The epochs of constitutional law in the twentieth century are well known. During the so-called Lochner Era in the early twentieth century, the Court carefully scrutinized federal and state economic regulations. The New Deal Court reversed course and largely deferred to these laws. The Warren Court is well known for expanding civil and criminal rights, while reinforcing democratic processes. The Burger Court, if it is remembered at all, unleashed Roe v. Wade (1973) on our polity. But over the ensuing three years, the Burger Court decided three landmark cases that drastically and hastily transformed the structure of the federal government. All of these decisions resulted directly from the Watergate scandal. First, United States v. Nixon (1974) permitted a federal prosecutor to issue a subpoena to President Nixon to produce the Watergate Tapes. Second, Train v. City of New York (1975), found that President Nixon could not "impound," or withhold certain funding. Third, Buckley v. Valeo (1976) largely upheld the Federal Election Campaign Act, as well as the Federal Election Commission that enforces the Act.

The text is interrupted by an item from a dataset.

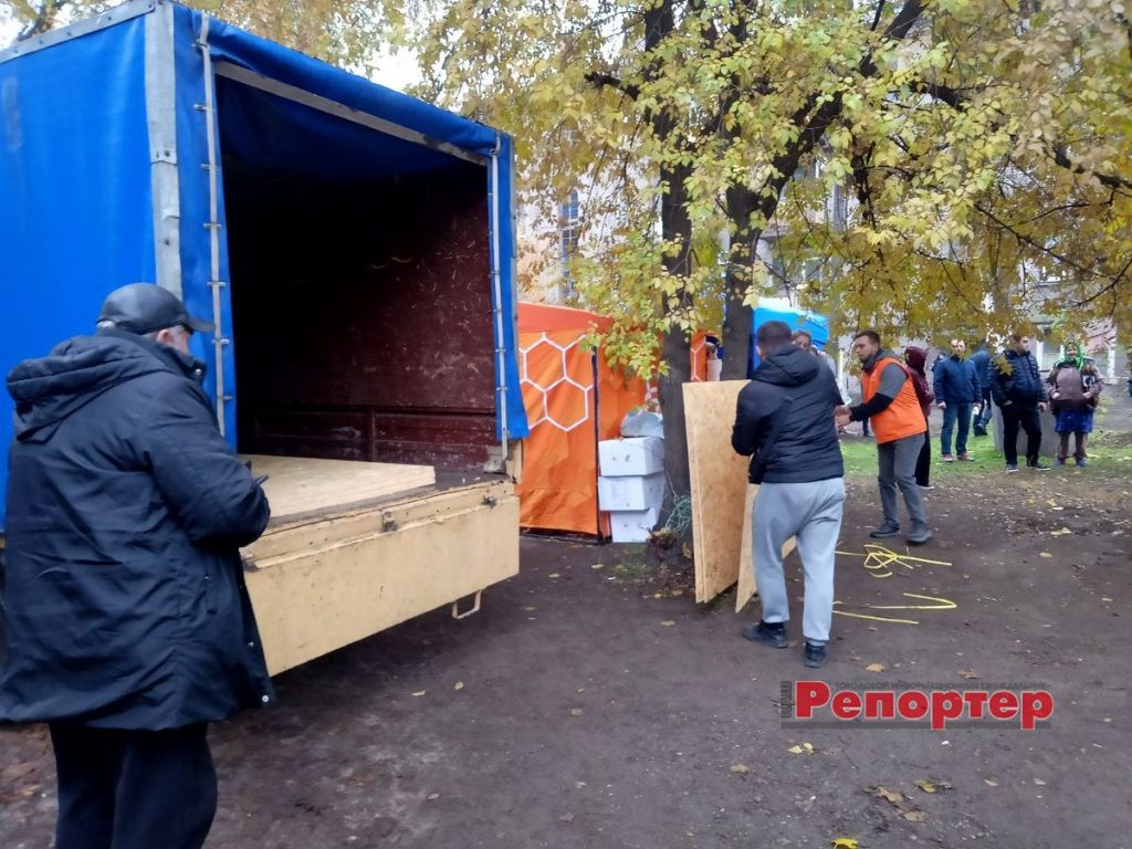 Подвозят деревянные щиты и пленку, чтобы заслонить выбитые окна. Одновременно продолжаются работы по разбору завалов.

There is a fourth decision that bears mentioning. The Ethics in Government Act (1978) created the independent counsel statute as a means to prevent future Watergates. This provision empowered a prosecutor to investigate the executive branch with sweeping authority and broad independence. The Rehnquist Court upheld this statute in Morrison v. Olson (1988) over the vigorous and legendary dissent of Justice Antonin Scalia.

The Supreme Court has already taken steps to deconstruct many of these precedents. Citizens United v. FEC (2010), followed by McCutcheon v. FEC (2014), more or less rendered Buckley a nullity, as vast amounts of money can now indirectly flow to the political process. Both Republican and Democratic politicians have benefited from these rulings. Trump v. United States (2024) granted President Trump broad immunity from criminal prosecutions and scaled back the import of the Watergate Tapes case. I have called on the Court to reconsider United States v. Nixon, which was an early manifestation of lawfare. And this term, the Supreme Court is poised to undermine Morrison by overruling Humphrey's Executor v. FEC, a New Deal era precedent that upheld so-called "independent" agencies.

I write that the Supreme Court's recent decision in the AIDS Vaccine Coalition case should not be viewed as a narrow, one-off. Rather:

This ruling is part of a series of cases in which the Court is scaling back Congress's efforts to control the presidency in the wake of Watergate. An entire structural edifice of government was created to constrain the executive. And the Roberts Court is now dismantling those structures.

I think this framing helps to understand why Justice Kagan referred to Congress as waging a "war" against President Nixon:

In dissent, Justice Kagan charged that the majority misread the Nixon-era statute. But more importantly, Kagan faulted the conservatives for ignoring the context in which the Impoundment Control Act arose. She reminded everyone that the "ICA [was] enacted after Congress waged war with President Nixon over impoundments." Kagan added that "Congress w[o]n its confrontation with the President." It is unconventional for a Supreme Court opinion to describe Congress as waging a war and winning a confrontation with the president. Supreme Court Justices are not political commentators.  Yet Kagan, perhaps unintentionally, identified the reason why so much of constitutional law went awry.

Trump is now successfully refighting that war.